From the line with "PHÂN TÍCH ĐOẠN" to the line with "Seven7 Baroque Skinny", retype each line exactly as it stands in the records below, but skip the pictures.

* [Extracted records]:
──────────

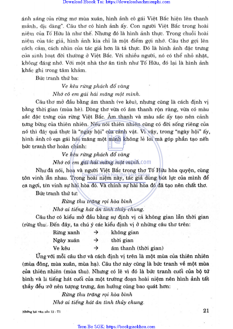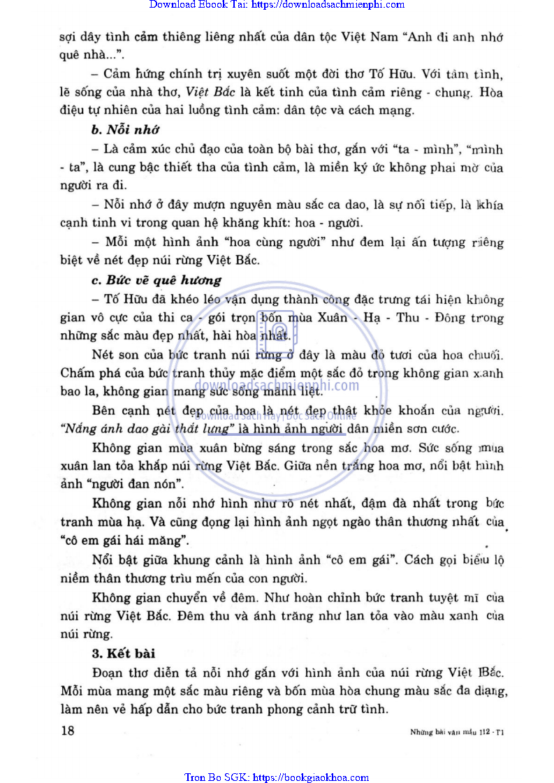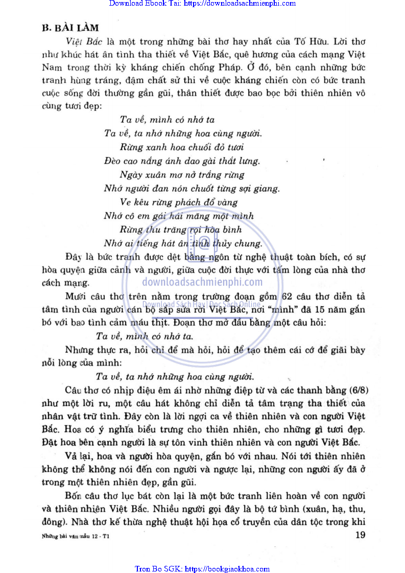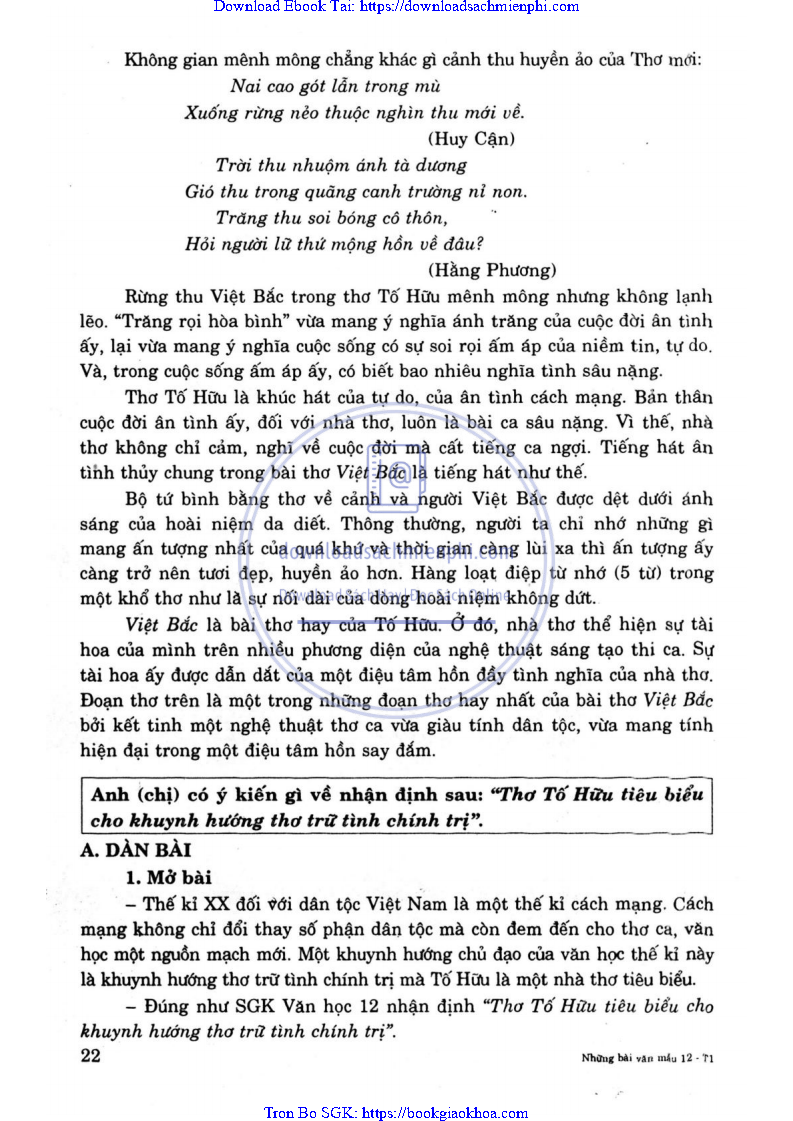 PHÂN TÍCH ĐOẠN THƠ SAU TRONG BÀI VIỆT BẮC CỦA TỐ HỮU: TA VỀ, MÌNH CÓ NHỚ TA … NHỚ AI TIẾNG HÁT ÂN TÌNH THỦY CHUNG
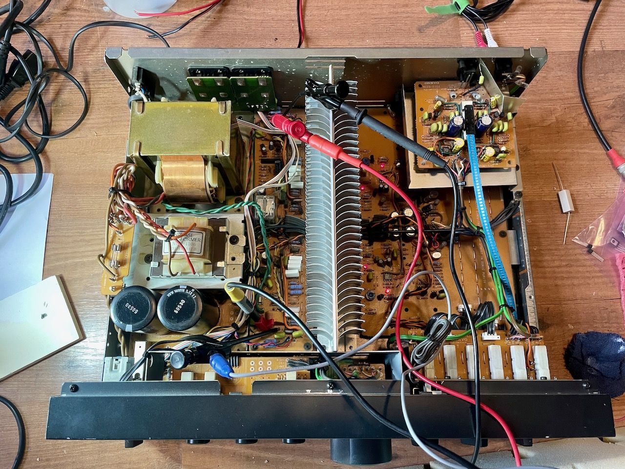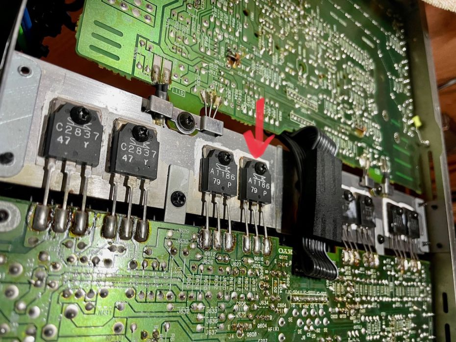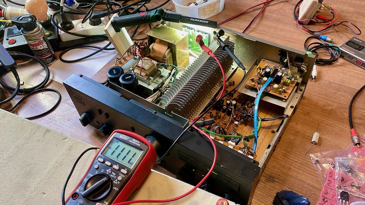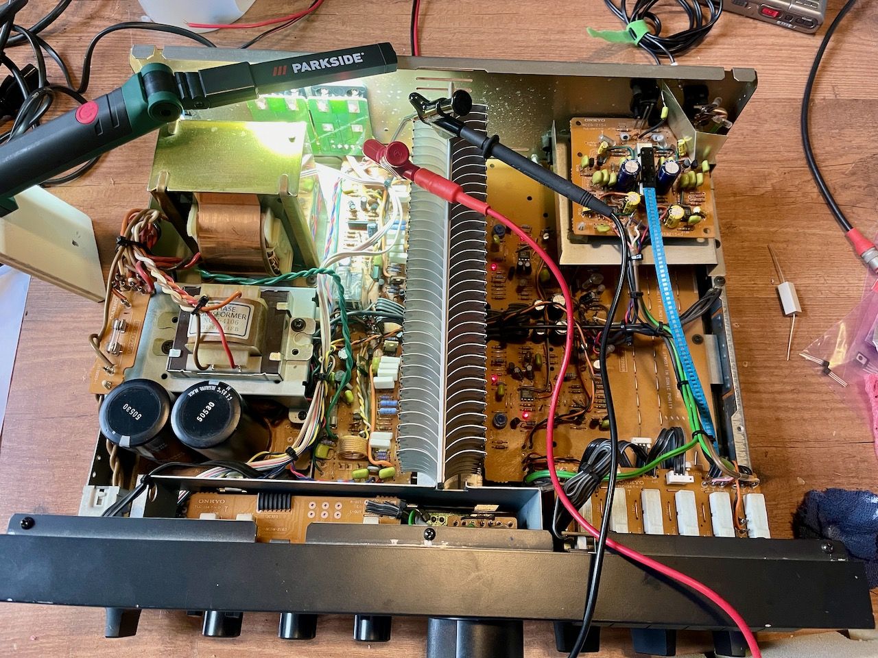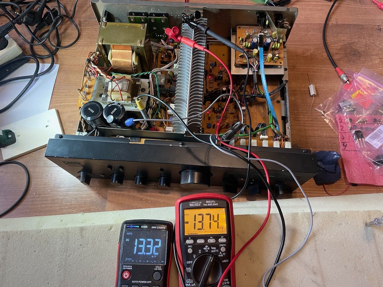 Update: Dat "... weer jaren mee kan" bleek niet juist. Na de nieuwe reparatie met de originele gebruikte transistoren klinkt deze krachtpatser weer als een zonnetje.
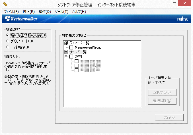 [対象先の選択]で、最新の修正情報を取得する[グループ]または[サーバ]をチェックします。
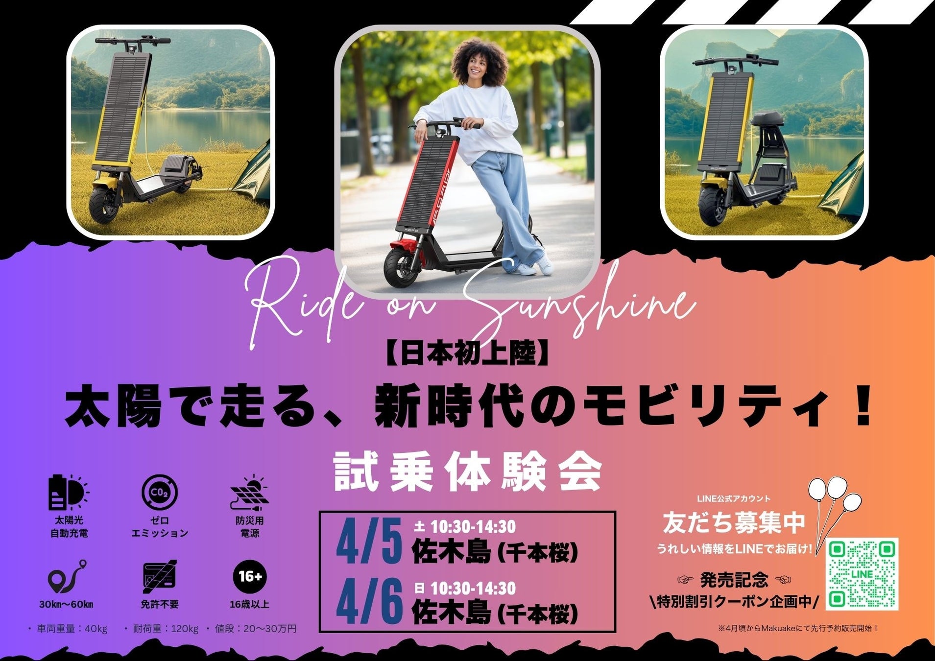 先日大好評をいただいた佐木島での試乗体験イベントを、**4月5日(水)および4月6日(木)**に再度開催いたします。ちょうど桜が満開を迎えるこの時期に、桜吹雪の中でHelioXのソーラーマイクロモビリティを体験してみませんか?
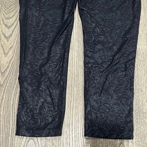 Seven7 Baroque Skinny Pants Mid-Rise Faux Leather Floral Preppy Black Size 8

──────────

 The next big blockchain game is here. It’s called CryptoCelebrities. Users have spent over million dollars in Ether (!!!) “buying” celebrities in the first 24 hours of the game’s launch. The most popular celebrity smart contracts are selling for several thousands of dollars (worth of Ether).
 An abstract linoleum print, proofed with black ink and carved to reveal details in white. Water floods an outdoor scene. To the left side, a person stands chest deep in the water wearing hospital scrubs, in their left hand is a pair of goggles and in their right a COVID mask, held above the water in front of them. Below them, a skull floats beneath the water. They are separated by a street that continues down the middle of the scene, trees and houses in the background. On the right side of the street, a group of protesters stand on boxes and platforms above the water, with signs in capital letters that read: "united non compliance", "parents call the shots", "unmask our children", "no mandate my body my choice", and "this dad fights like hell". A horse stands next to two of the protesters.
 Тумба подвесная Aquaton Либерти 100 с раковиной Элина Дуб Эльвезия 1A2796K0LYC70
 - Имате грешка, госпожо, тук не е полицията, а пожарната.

──────────

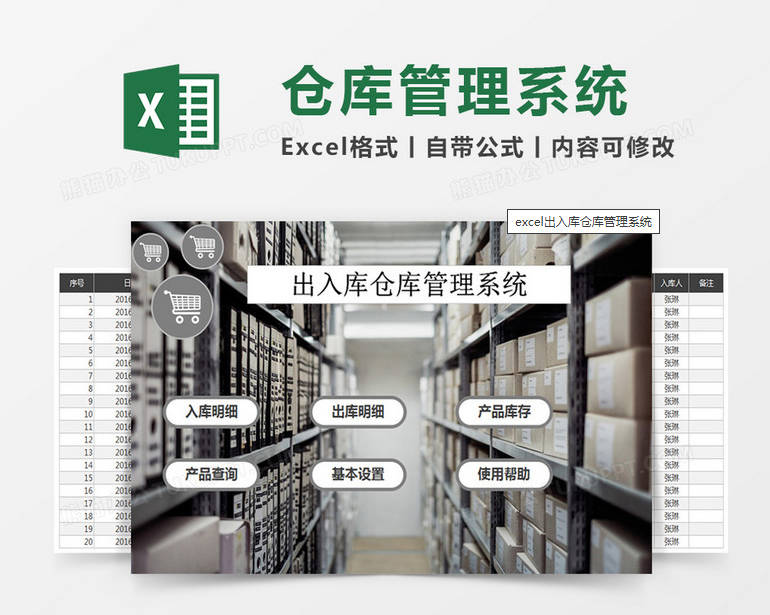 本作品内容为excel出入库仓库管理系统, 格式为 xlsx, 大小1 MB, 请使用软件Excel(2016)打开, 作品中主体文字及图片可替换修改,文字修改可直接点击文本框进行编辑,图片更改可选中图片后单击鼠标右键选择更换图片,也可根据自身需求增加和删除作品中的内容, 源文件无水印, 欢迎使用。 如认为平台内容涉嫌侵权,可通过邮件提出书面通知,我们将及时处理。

──────────

* [Result of this task]:
 PHÂN TÍCH ĐOẠN THƠ SAU TRONG BÀI VIỆT BẮC CỦA TỐ HỮU: TA VỀ, MÌNH CÓ NHỚ TA … NHỚ AI TIẾNG HÁT ÂN TÌNH THỦY CHUNG
 Update: Dat "... weer jaren mee kan" bleek niet juist. Na de nieuwe reparatie met de originele gebruikte transistoren klinkt deze krachtpatser weer als een zonnetje.
 [対象先の選択]で、最新の修正情報を取得する[グループ]または[サーバ]をチェックします。
 先日大好評をいただいた佐木島での試乗体験イベントを、**4月5日(水)および4月6日(木)**に再度開催いたします。ちょうど桜が満開を迎えるこの時期に、桜吹雪の中でHelioXのソーラーマイクロモビリティを体験してみませんか?
 Seven7 Baroque Skinny Pants Mid-Rise Faux Leather Floral Preppy Black Size 8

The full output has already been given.